The Sound of the Beep: an unpublished manuscript of Henry James

Edited by John Lavagnino, Department of English and American Literature, Brandeis University

Those who study the work of Henry James are familiar with the remarkable collection of his letters and manuscripts at Harvard's Houghton Library; but few know of another important collection located nearby, in the Special Collections division of the Brandeis University Library. James's correspondence with Justice Brandeis on legal questions concerning his adoption of British citizenship is, of course, the jewel of this collection; it also includes significant correspondence with Lizette Woodworth Reese, William Lyon Phelps, Israel Zangwill, Havelock Ellis, and Ludwig Lewisohn.

The collection also includes a number of unpublished pieces of fiction, mostly fragmentary; but the one which I present here reads like a fully-realized work, and not a sketch or note for further elaboration. It is a typescript (made, no doubt, from James's dictation), and despite its brevity it includes a title: "The Sound of the Beep." It appears to be a short address from one character to another, but although the speaker oddly refers to himself as "Henry James," the circumstances of this address are very unclear: as with much of the late James, there is an abstraction from brute circumstances to states of feeling. I would speculate that this is one of the monologues that James is known to have written for Ruth Draper; but this can be no more than speculation, in the absence of any documentary evidence. In any case, even if James did write "The Sound of the Beep" for this purpose, Draper never used it in any of her performances.

John Lavagnino
May 1991

The great question, first of all, is where I am--referring here of necessity to, yes, "his nibs," Henry James, myself--for if it should chance to be any other you seek, then one must assert with a certain inevitable bland superiority that the number you have "dialed" is, on this occasion at any rate, quite irretrievably "wrong." Should that dismal end not be the one lying in wait, all too insidiously, then you're still not to be at once rewarded with what you came to seek--myself, or my uncanny ghostly voice--if, indeed, you do not find yourself still farther astray clutching a small hope not to be answered by this instrument. If, thus, your expectations are happily those that might have been matched here, still you're to find yourself dashed, not bluntly with the leaden statement that I am "out," but rather with a response having for all that little to do with where, at all, I might chance to be. For the fact of your hearing all this comes down to a confessed inability--much as I might like to, there's no surer sign that I cannot, for the present, oblige you in what would seem the plainest of duties, that of coming to the 'phone and--what else?--speaking to you.

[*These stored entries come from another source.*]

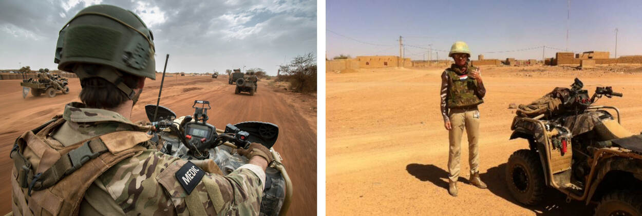 "Ik heb mij altijd welkom op Kamp Castor gevoeld en genoten van iedereens inzet. Ik werkte samen met jongens van 21 die aan de voertuigen sleutelden, Minusma stafleden uit tig landen met wie ik mijn ideeën en analyses deelde en de lokale bevolking. Heel afwisselend. Aan het militaire leven heb ik mij zo goed mogelijk aangepast en veel bijgeleerd. Naast meedraaien in alle planningsprocessen weet ik nu ook hoe belangrijk het is om je coördinaten op orde te hebben, je scherfvest aan te houden tijdens patrouilles en geen rommel te maken in de Bushmaster (pantserwielvoertuig, red.). Ook belangrijk: onderweg niet te vaak hoeven plassen en niet te lang praten tijdens bevelsuitgiftes en hot wash ups (overleg direct na patrouilles om kort en krachtig te evalueren, red.)."
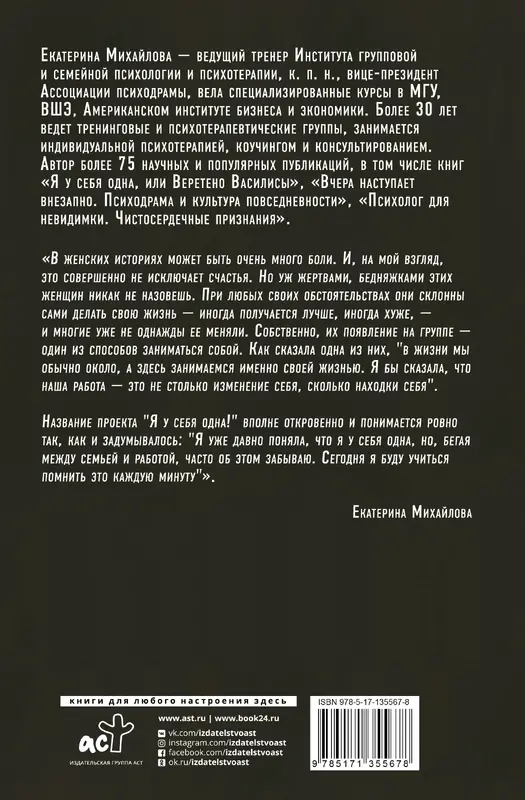 Бывают книги, встреча с которыми становится событием. Как минимум потому, что они помогают взглянуть на свою жизнь иначе, чем мы привыкли. К их числу принадлежит и эта. Именно таким необычным взглядом она и отличается от многочисленных книг "про женщин" и "про женскую психологию". Хотя, разумеется, речь в ней идет и о том, и о другом. А еще о женских психологических группах и их участницах, о гендерных мифах и о том, как они появляются. А также о том, почему мы такие, какие есть, и может ли быть иначе. Узнавания сменяют открытия, боль и страх чередуются с иронией и озорством, пониманием и любовью... Так и крутится веретено, сплетая нитку жизни — жизни женщины и жизни вообще, в которой столько разного... А прочитать книжку полезно всем — независимо от пола, возраста и профессии. Право слово, равнодушными не останетесь.
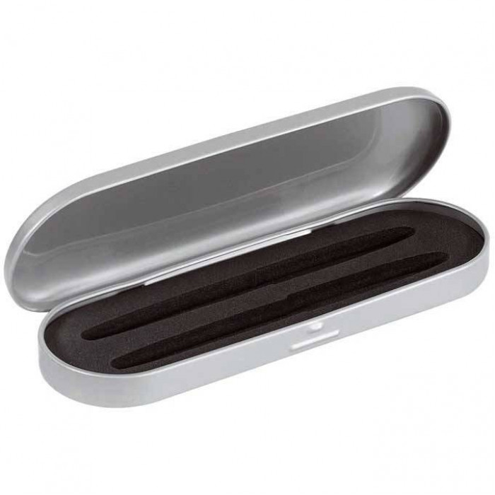 Металлический футляр для 2-х письменных приборов. Предназначен для сторонников практичных решений. Логотип на крышке футляра.
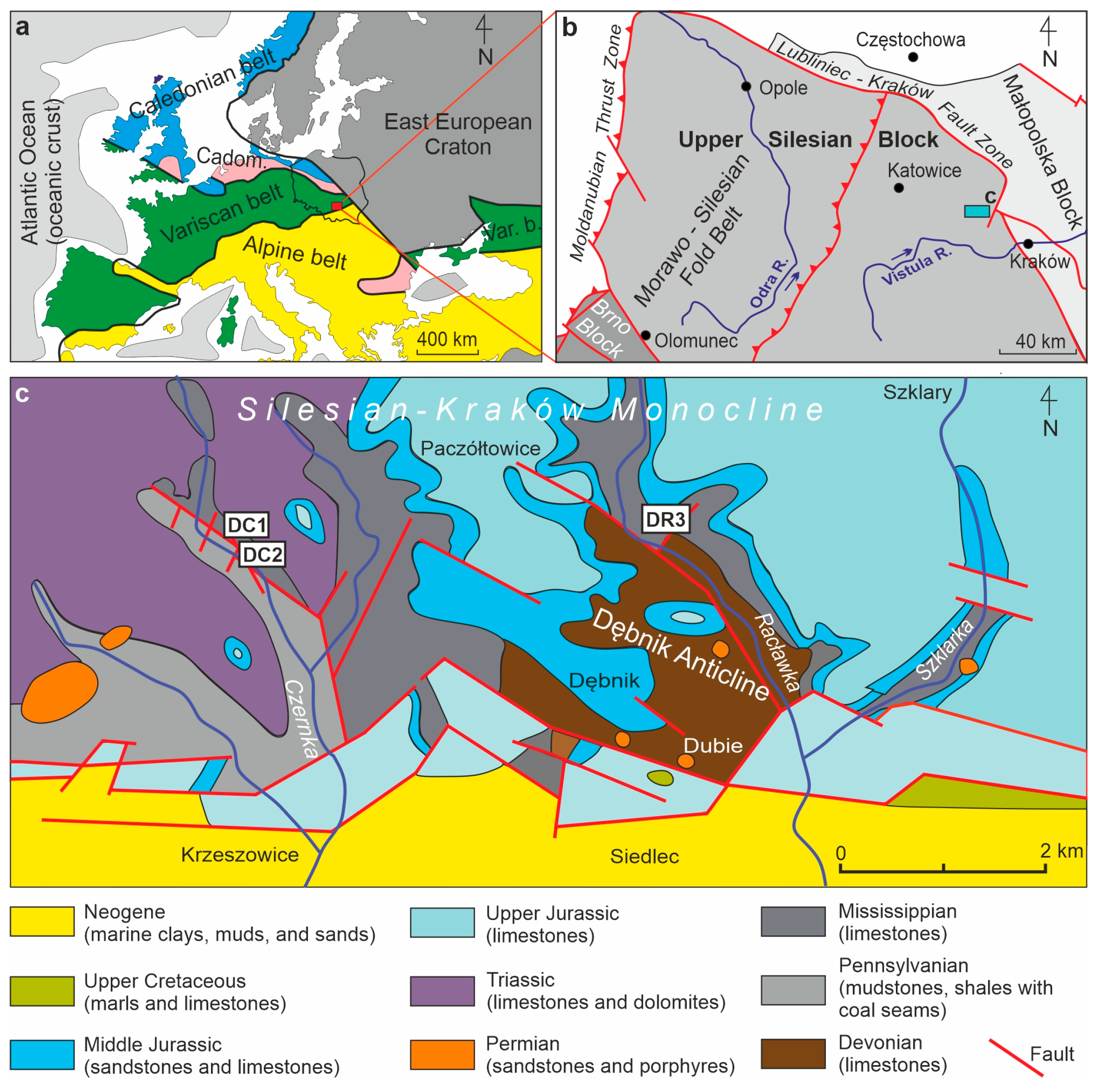 - Dvorák, J.; Galle, A.; Herbig, H.G.; Krejèí, Z.; Malec, J.; Paszkowski, M.; Racki, G.; Skompski, S.; Szulczewski, M.; Żakowa, H. Evolution of the Polish-Moravian carbonate platform in the Late Devonian and Early Carboniferous: Holy Cross Mts., Krakow Upland, Moravian Karst. In XIII International Congress on Carboniferous-Permian; Guide to Excursion B4; Małecka, J., Ed.; Państwowy Instytut Geologiczny: Warszawa, Poland, 1995; pp. 1–35. [Google Scholar]

What gives the whole matter a peculiar interest is the possibility--a possibility made all the more likely by the very élan of the instrument through which we so wonderfully, yet not successfully, converse--the possibility that you have some delicious burden to be quietly set down here at the door before you pass onward to the day's other duties. At bottom of it all, had you not some small scrap of a "message," some word or two of fact or request to impart, we might with reason wonder what sort of "chat" could have ensued, were I indeed here speaking. For you, certainly, that's the "fix"--since the plain fact is that the lack of any such coy burden on my part has rarely led to a cessation of that verbal fluency so familiar to many readers, has often seemed only to heighten the conscientious exertions involved in managing its heft, though it be the heft of something manifestly not there. Suffice it to say that since, as you're presently to find out, it shall not be your part to "hold forth" beyond the space of sixty seconds, that particular Sphinx no doubt crouches furthest from your position of agonized reflection.

Nothing is less decidedly the case than that you shall have that extravagant moment of speech, and that its matter shall be somehow squirreled away and later conveyed to me--that, moreover, I shall respond in kind, at some instant not, to be sure, determined or promised, yet at any rate not to be imagined as shrouded in the vista of a mysterious future, but rather in the auspicious middle distance of temporal life--in short, "soon."

Nonetheless, the whole adventure is not to be concluded without a further "hitch." Much as you might like to deliver, at once, without preamble, your brief tender encumbrance, you must not. Rather, it rests with you, now, to wait first of all, for that high sharp occult electronic howl, that "beep," and to wait further till its conclusion ushers in the moment for release. Hang fire, then, that's the thing, beautifully but necessarily--and there you are!